Collected data
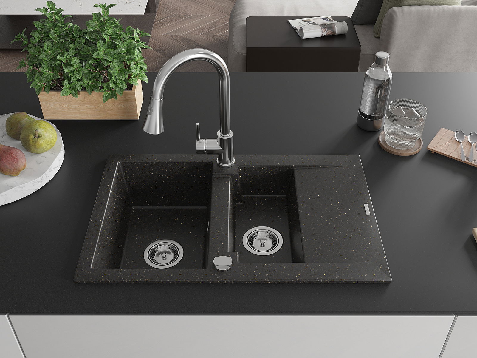 En väl skyddad yta på diskbänken förhindrar att smuts tränger in i dess inre strukturer. Tack vare detta är det ännu enklare att hålla diskbänken ren, och dess yta behåller sin estetik längre.
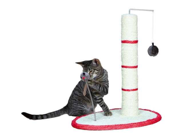 Sisal cu 2 jucarii, o mingiuta cu elastic si un soricel cu arc
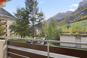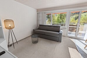 La grande pièce à vivre est divisée en deux espaces grâce à un meuble séparateur : d`un côté, un lit escamotable pour deux offre un espace nuit confortable, et de l`autre, le salon comprend un canapé-lit pour deux autres personnes ainsi qu`une TV pour vos moments de détente. Vous trouverez également un coin repas convivial, une salle de bain avec douche, et une cuisine entièrement équipée. Le balcon, avec vue sur les montagnes, est aménagé de deux chaises, une table et deux chaises longues pour des moments de relaxation en plein air.
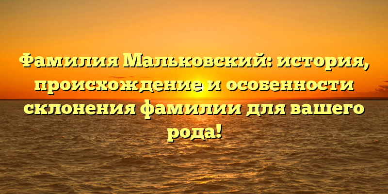 - Познайте историю и происхождение фамилии Мальковский: советы по склонению для вашего рода!

Exercise goal
Begin with the line that contains "La grande pièce" and repeat every line through the end of the data, exactly and only those lines, leaving out the pictures.

Solved exercise
 La grande pièce à vivre est divisée en deux espaces grâce à un meuble séparateur : d`un côté, un lit escamotable pour deux offre un espace nuit confortable, et de l`autre, le salon comprend un canapé-lit pour deux autres personnes ainsi qu`une TV pour vos moments de détente. Vous trouverez également un coin repas convivial, une salle de bain avec douche, et une cuisine entièrement équipée. Le balcon, avec vue sur les montagnes, est aménagé de deux chaises, une table et deux chaises longues pour des moments de relaxation en plein air.
 - Познайте историю и происхождение фамилии Мальковский: советы по склонению для вашего рода!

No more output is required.